• Work order
Restate exactly the lines below, from the one containing "This bingo card" through the final line, and leave out the pictures.

Collected data entries
* * * * * * *

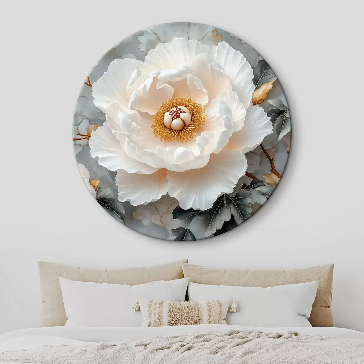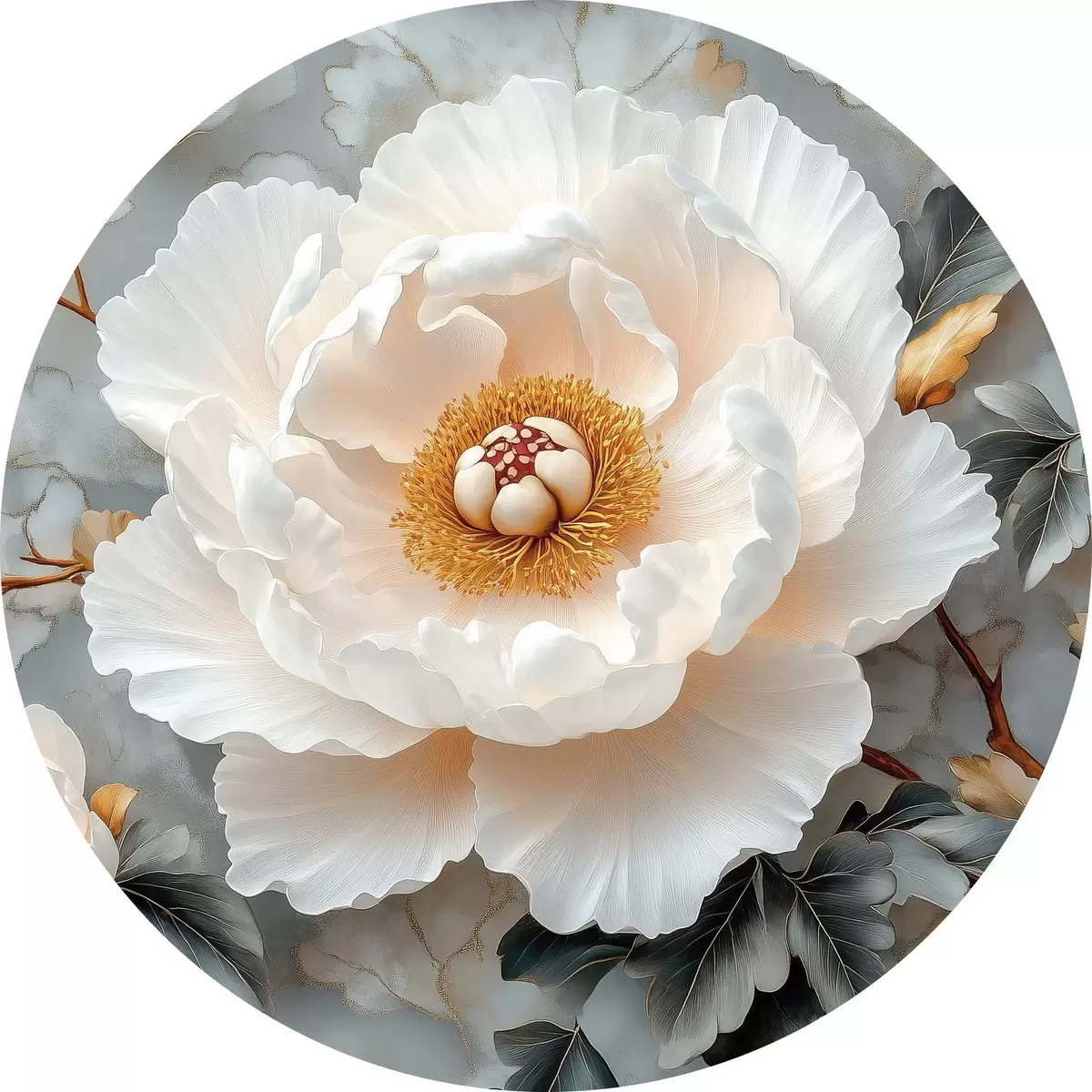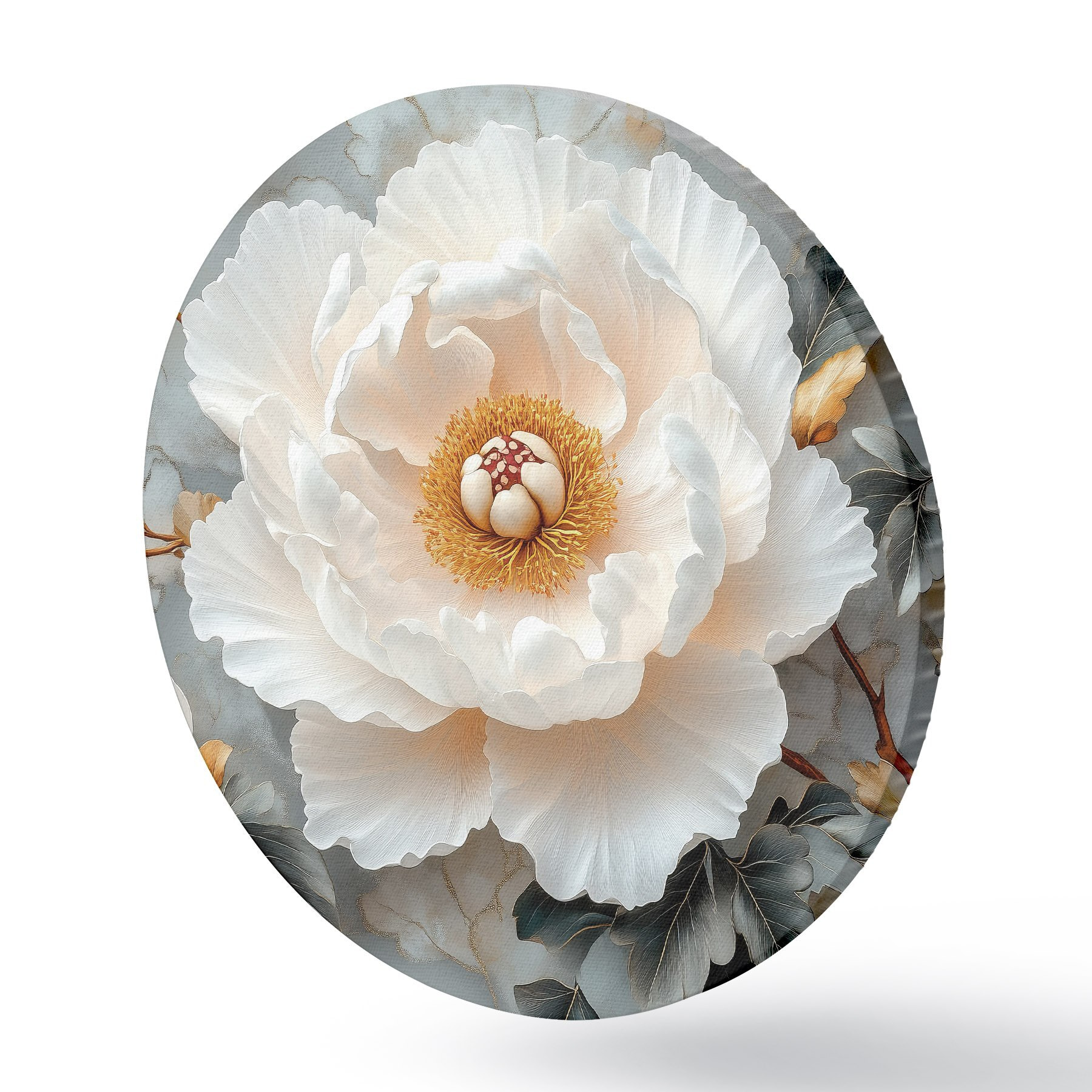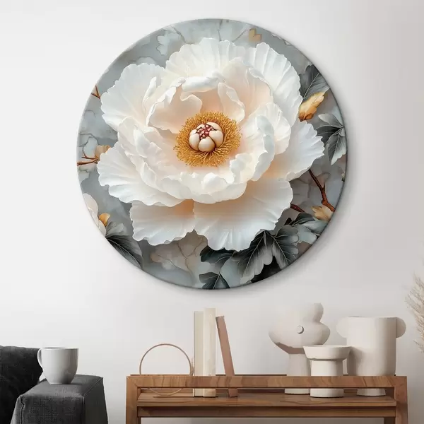 Quadri rotondi Una splendida peonia su uno sfondo di foglie e piccole peonie r43315
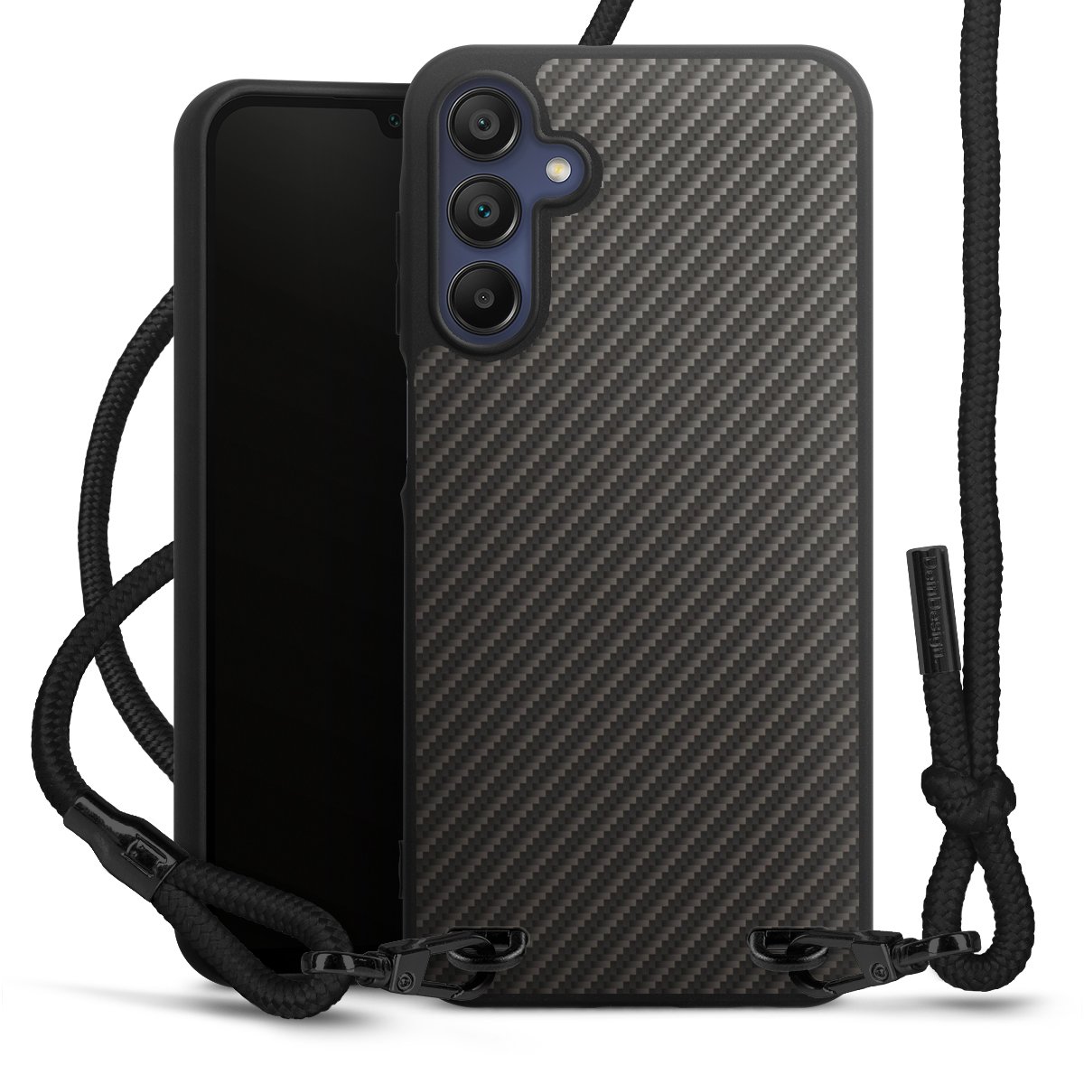 The matt black silicone case is made of flexible TPU (thermoplastic polyurethane) and offers robust protection. The durable, unbreakable material makes the cover flexible and dimensionally stable at the same time. The matte surface makes your design stand out more and is less susceptible to fingerprints and dirt. The stylish trend accessory fits comfortably in the hand and is perfectly complemented by the fabric (polyester) mobile phone strap. The braided fabric strap is approx. 1.70 metres long with a diameter of approx. 0.5 cm. Due to the special knotting technique, the length of the strap can be adjusted by simply pulling it, so that you can adapt it individually to your wishes. The practical case to wear around your neck is available with the fabric strap in black. As a little icing on the cake, we have provided the strap with a chic metal fastener in matt black. The strap is securely fastened to the case with loops made of high-quality genuine leather and press studs. The ends of the fabric strap are covered with metallic end caps and thus protected from fraying.
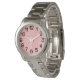 Este relógio feminino tem uma design de Arte Deco de linhas curvas de salmão em forma de triângulo num campo de branco repetido através da design.
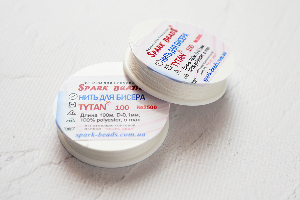 Прочная тонкая нить для вышивки бисером Tytan-100, цвет белоснежный, намотка 100м.
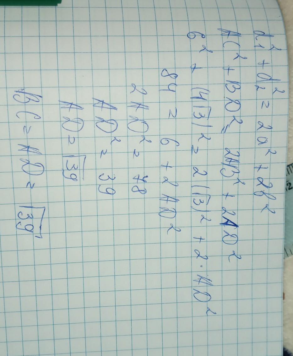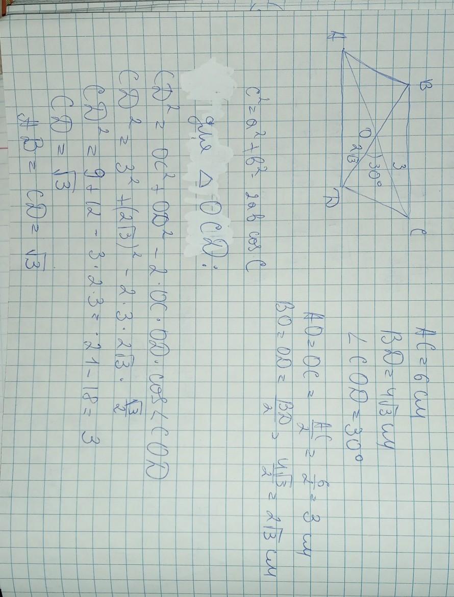 Діагоналі паролелограма дорівнюють 6 см і 4√3 см, а кут між ними дорівнює 30° Знайдіть сторони паралелограма.
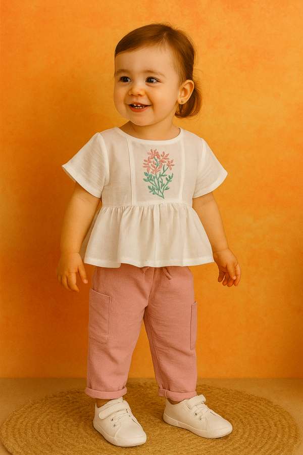 Kız Çocuk çiçek nakışlı müslin kumaşlı gömlek- beli lastikli- yandan cepli uzun bol paça pantolunlu takım
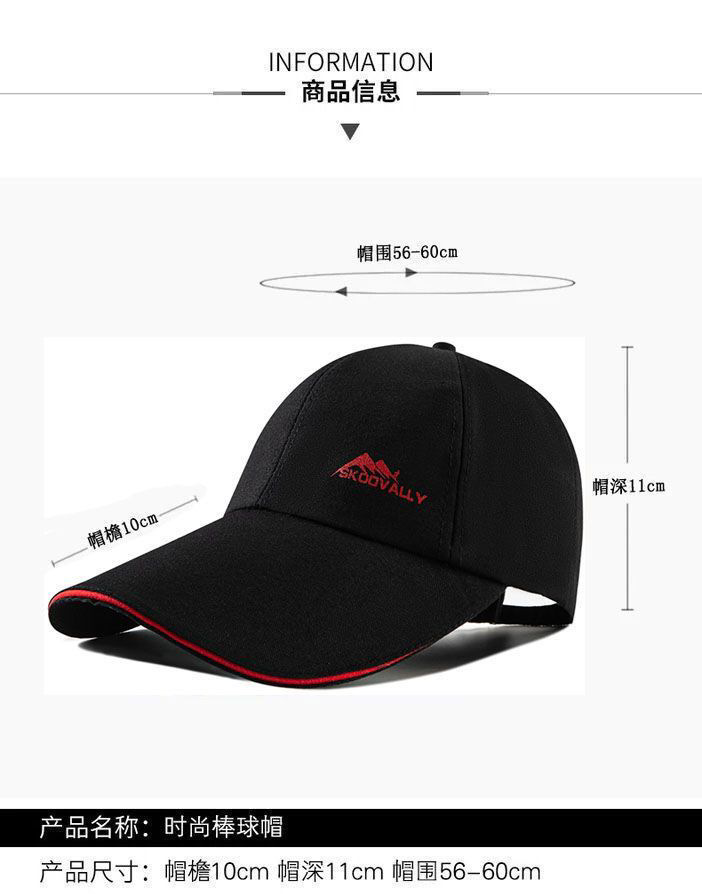 帽子男春秋棒球帽加长帽檐遮阳休闲户外钓鱼防晒透气太阳帽鸭舌帽
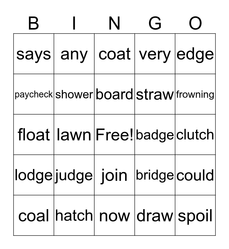 This bingo card has a free space and 29 words: coal, pitch, lawn, coin, says, coat, shower, judge, badge, hatch, clutch, spoil, now, draw, frowning, itch, join, lodge, edge, float, bridge, flower, straw, paycheck, very, any, could, board and done.
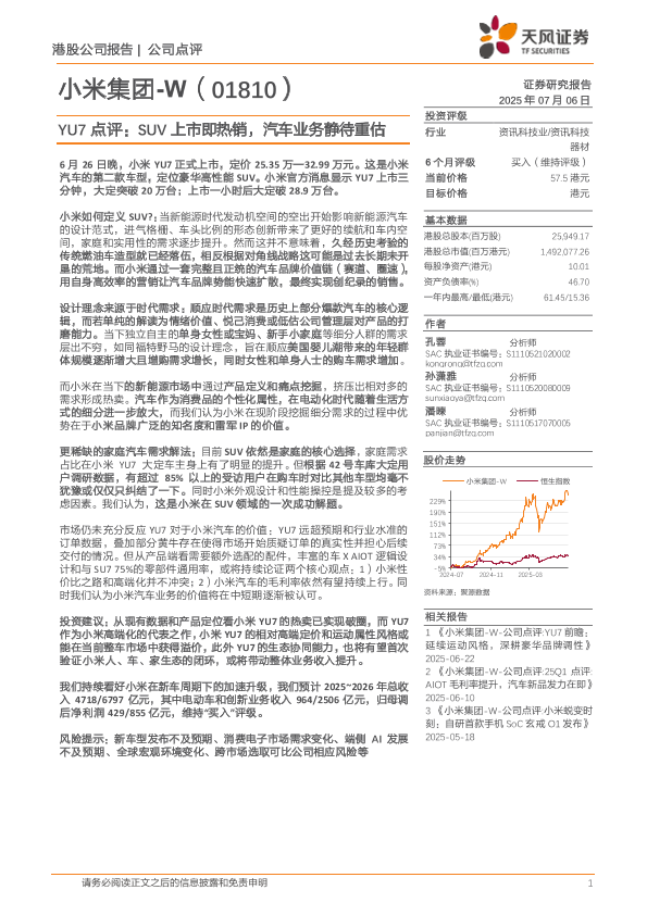 【天风证券】【20250706】YU7点评:SUV上市即热销,汽车业务静待重估-2页

* * * * * * *

• Completed task
 This bingo card has a free space and 29 words: coal, pitch, lawn, coin, says, coat, shower, judge, badge, hatch, clutch, spoil, now, draw, frowning, itch, join, lodge, edge, float, bridge, flower, straw, paycheck, very, any, could, board and done.
 【天风证券】【20250706】YU7点评:SUV上市即热销,汽车业务静待重估-2页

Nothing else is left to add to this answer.